6.1. Numpy Array¶
Numpy array is not a native Python datatype. It is part of the numpy
package. This is the datatype that should be used for large numeric data analysis or numerical calculation. They differ from list : the size of a numpy array cannot be modified and all the data inside an array are of the same type. Those constraints allow much faster computation. We will mainly use 1D and 2D array. They can however be of any dimension. Numpy arrays allow users to perform calculation in a way similar to Matlab or Scilab.
Some examples :
from numpy import *
a = array([4,23,3]) # 1D array
print a[2]
a[2] = 13
b = array([[1,2,3],[2,3,4]])
print b
In order to use array, we should first import the numpy package. The array command can be used to create array from any iterable (for example a list
). A list of number will create a 1D array. A list of lists having the same size will create a 2D array.

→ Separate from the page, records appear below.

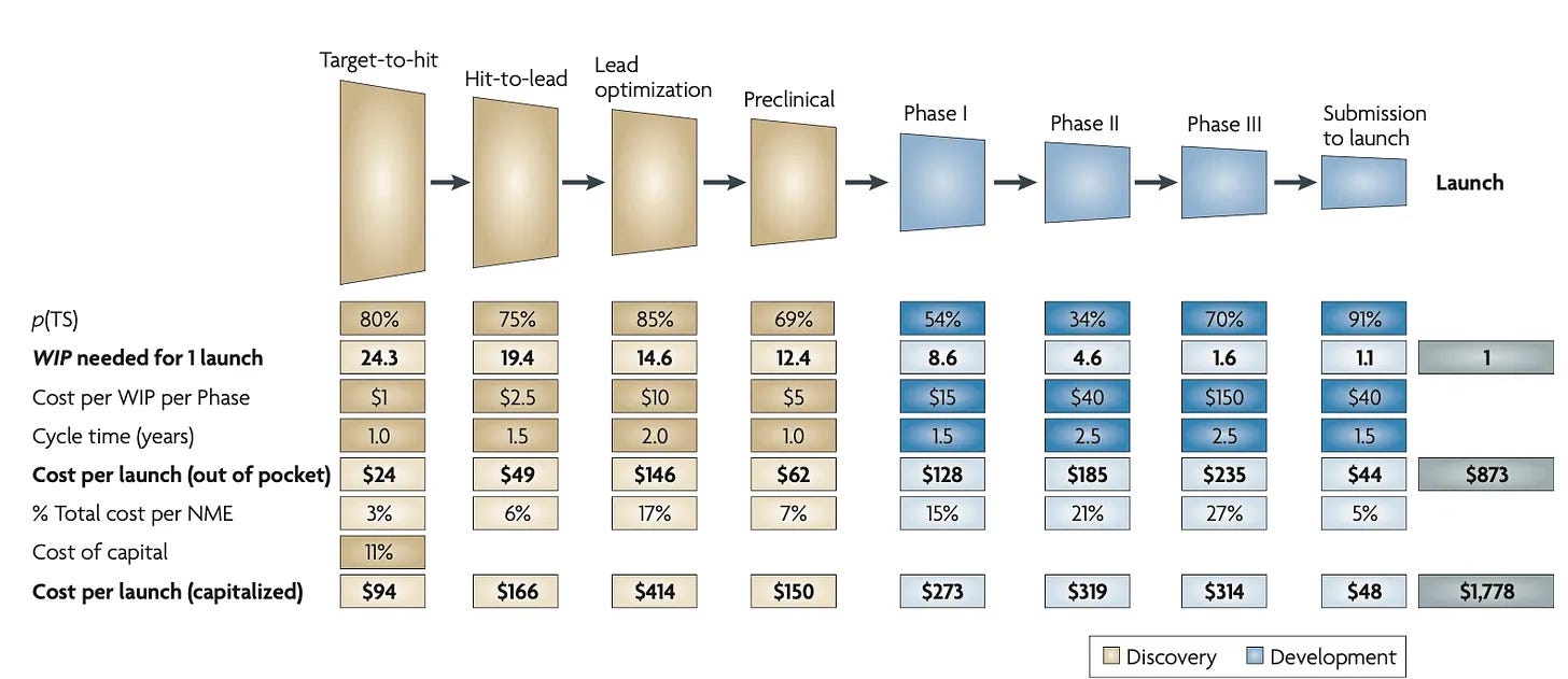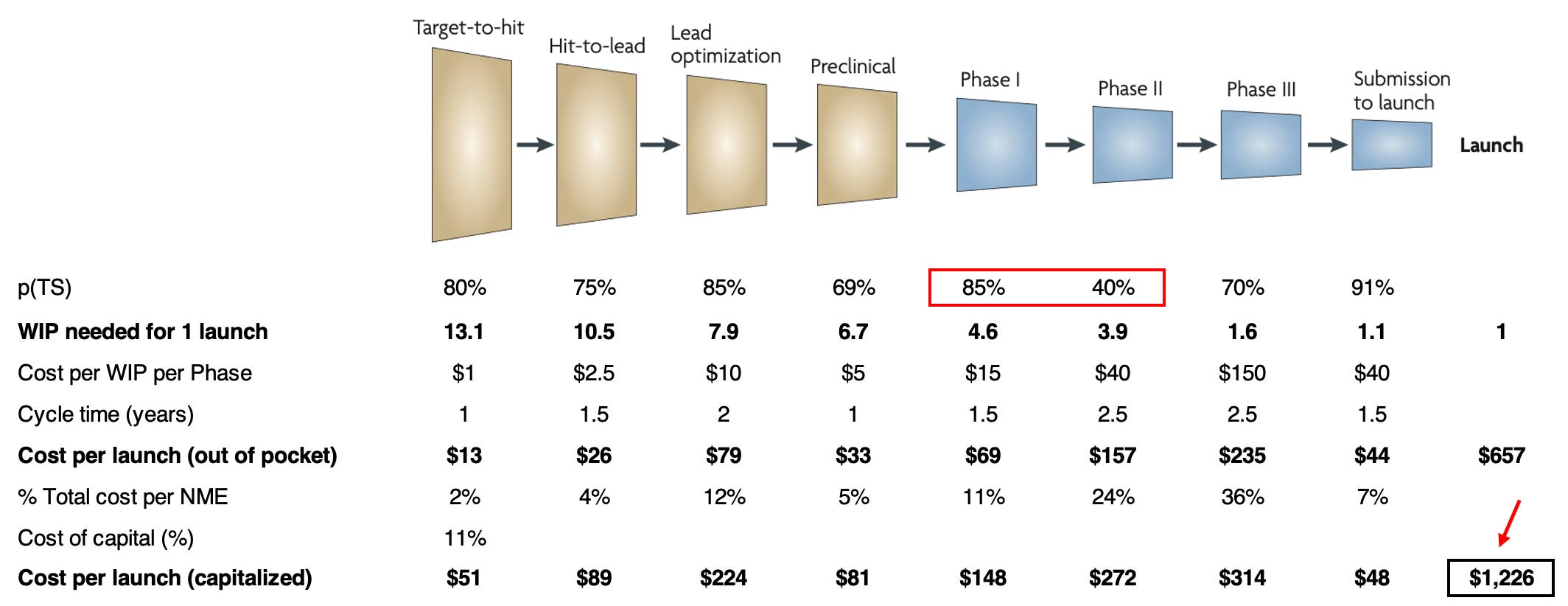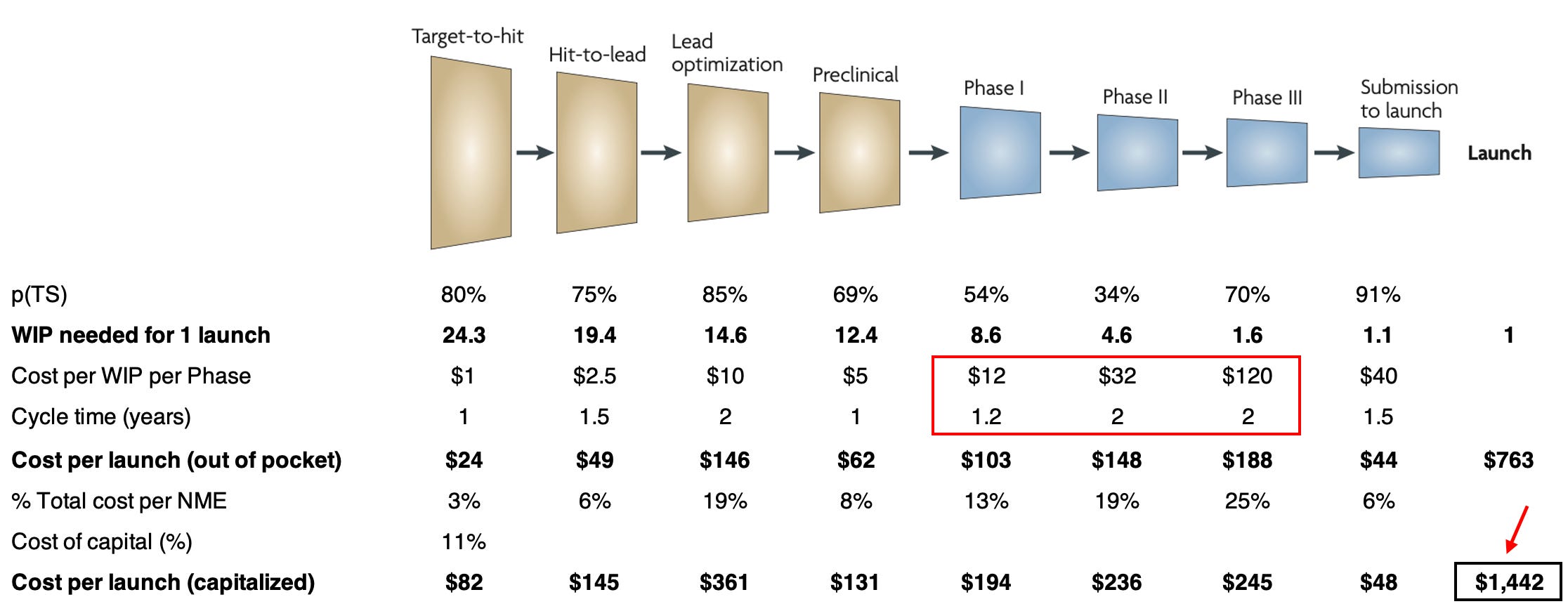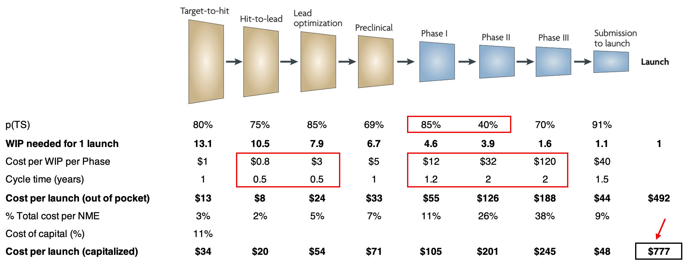 Paul’s drug process model, published in 2010, estimated the average capitalized cost of a drug at $1.78B. Today, it may exceed $6B. While the absolute numbers are staggering, what matters most is the percentage change that AI can deliver. We’ll base all our estimates on the assumptions of 2010. Again, for an explanation of the model, refer to part one.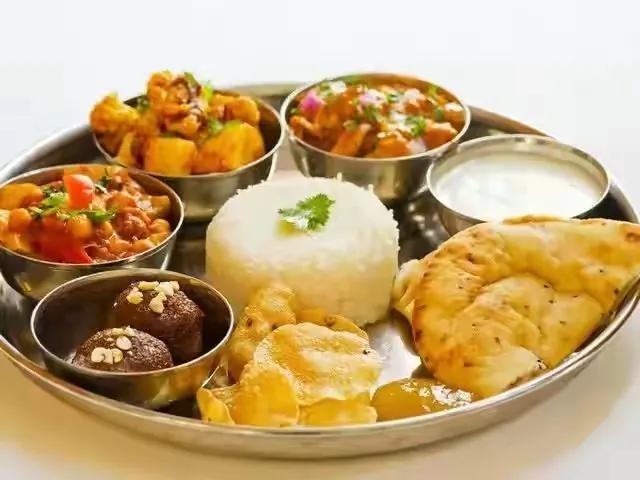 在印度Thali是一种较为传统的一种套餐,当你见到它的时候你可能会有一种这是韩国料理错觉,因为在一个圆形的盘子中,每个小碟子里都装着特色料理,米饭、面饼、酸奶、咖喱、水果、蔬菜、甜点等等。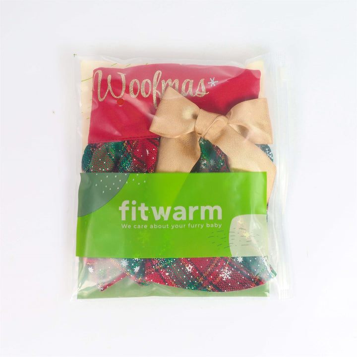 Red Woofmas dog dress with gold glitter text, plaid skirt, gold bow, snowflakes, folded in packaging.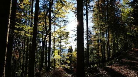 Keywords: hike trees landscape forest nature sunny day autumn colorful sky blue sun back light
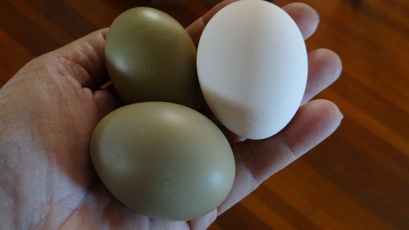 I have been getting one like the top left Amelia egg too! I thought it might be from one of the EExFBCM hens I have but now it must be one of the Amelias(I have 5 of them).today must just be an olive-egg day: I have two OEs, both are "Amelias" as we call them in the NorCal thread, CL x penedesenca -- and one had stopped laying eggs for the past couple of months while she was broody -- just recently restarted. usually she & her sisters eggs are both a sort of pale olive-y green, but today one of them was MUCH darker than usual, while the other was much bluer than usual! here's a picture: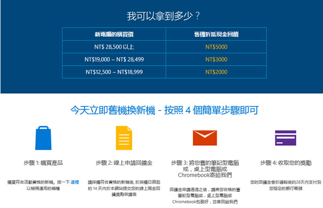 首頁線上工具未分類 買電腦嗎?利用舊機換新機,微軟就幫你出 2000 ~ 5000 的現金補助款 現在很流行以舊換新就可以由「新」的來發回饋金,汽車如此,現在電腦也可以ㄟ,104-10-27 日前,只要購買預裝 Windows 8.1 或 Windows 10 作業系統的筆記型、二合一型或桌上型電腦而產生出的舊機又能符合微軟的規範,微軟就會幫你出 2000 ~ 5000 的現金補助款,而且是直接匯到你所指定的銀行帳號。 🔔 不錯過任何精彩! 立即訂閱我們的 LINE 官方帳號 每次發佈新文章時,您將會第一時間收到本站文章連結通知,輕鬆掌握最新資訊! 使用 LINE 追蹤文章更新 §相關文章,還可以參閱:Google 親揭爆紅 AI 模型為何叫「Nano Banana」,答案出乎意料「半夜亂取的名字」爆紅全球!Google揭密 Nano Banana 命名背後的意外故事Luckydraw:最佳線上抽獎工具,適合尾牙、婚禮及各項活動抽獎How Old Do I Look:免費線上 AI 年齡分析工具,輕鬆測試你的看起來年齡Google 宣布 goo.gl 縮址服務即將停止 ,但已建立的永久有效 微軟舊電腦換新電腦回饋現金活動介紹 1.進入活動網址後,可以看到活動的辦法與申請回饋金的步驟。 2.所購買的新機必須符合微軟的規範。 3.舊機須符合的規範。 4.建議你看清楚活動每個細節,詳細閱讀條款與條件,像是符合資格的新機種還是有例外,還有常見問題的回答說明。 微軟舊機換新機回饋金活動網站網址:https://easytradeup.com/tw/zh/pages/tradeup/home

One can create an array containing the 0, 1, 2, 3, ... sequence using the arange
command. This command has the same arguments than the range
command (arange(end)
, arange(start, end)
, arange(start, end, step)
). Items of an array can be changed using the same syntax as list
. The size of an array can be obtained using the shape
property. This property returns a tuple.
a = arange(10)
print a[2]
a[3] = 2
print a.shape
6.1.1. Mathematical operation on array¶
One of the main advantage of using numpy array is that it is possible to perform usual operation, item by item, without using a loop. This holds for binary operation (sum, product, difference, ...) and also for usual mathematical operation (sin, cos, tan, exp, log, ...). In order to work with array, those function should be imported from the numpy
module (and not the math
module). Global functions on array, such as sum
, prod
, max
, min
, mean
, std
can be used either as method of the array or as function of the numpy module.
For example :
from numpy import *
a = arange(10)
print a**2 - sin(a)
even_numbers = arange(2,10000,2)
print 2*prod(even_numbers**2)/prod(even_numbers**2-1)
x = linspace(0,5, 1000)
# using function
print min(x+2/x)
#using methods
a = x + 2/x
a.min()
In this example, we have used the function linspace(start, end, nb_steps)
. This function creates an array with nb_steps
values between start
and end
.
Note also that the sin
function is imported from the numpy library. This function takes an array and returns an array of the same size.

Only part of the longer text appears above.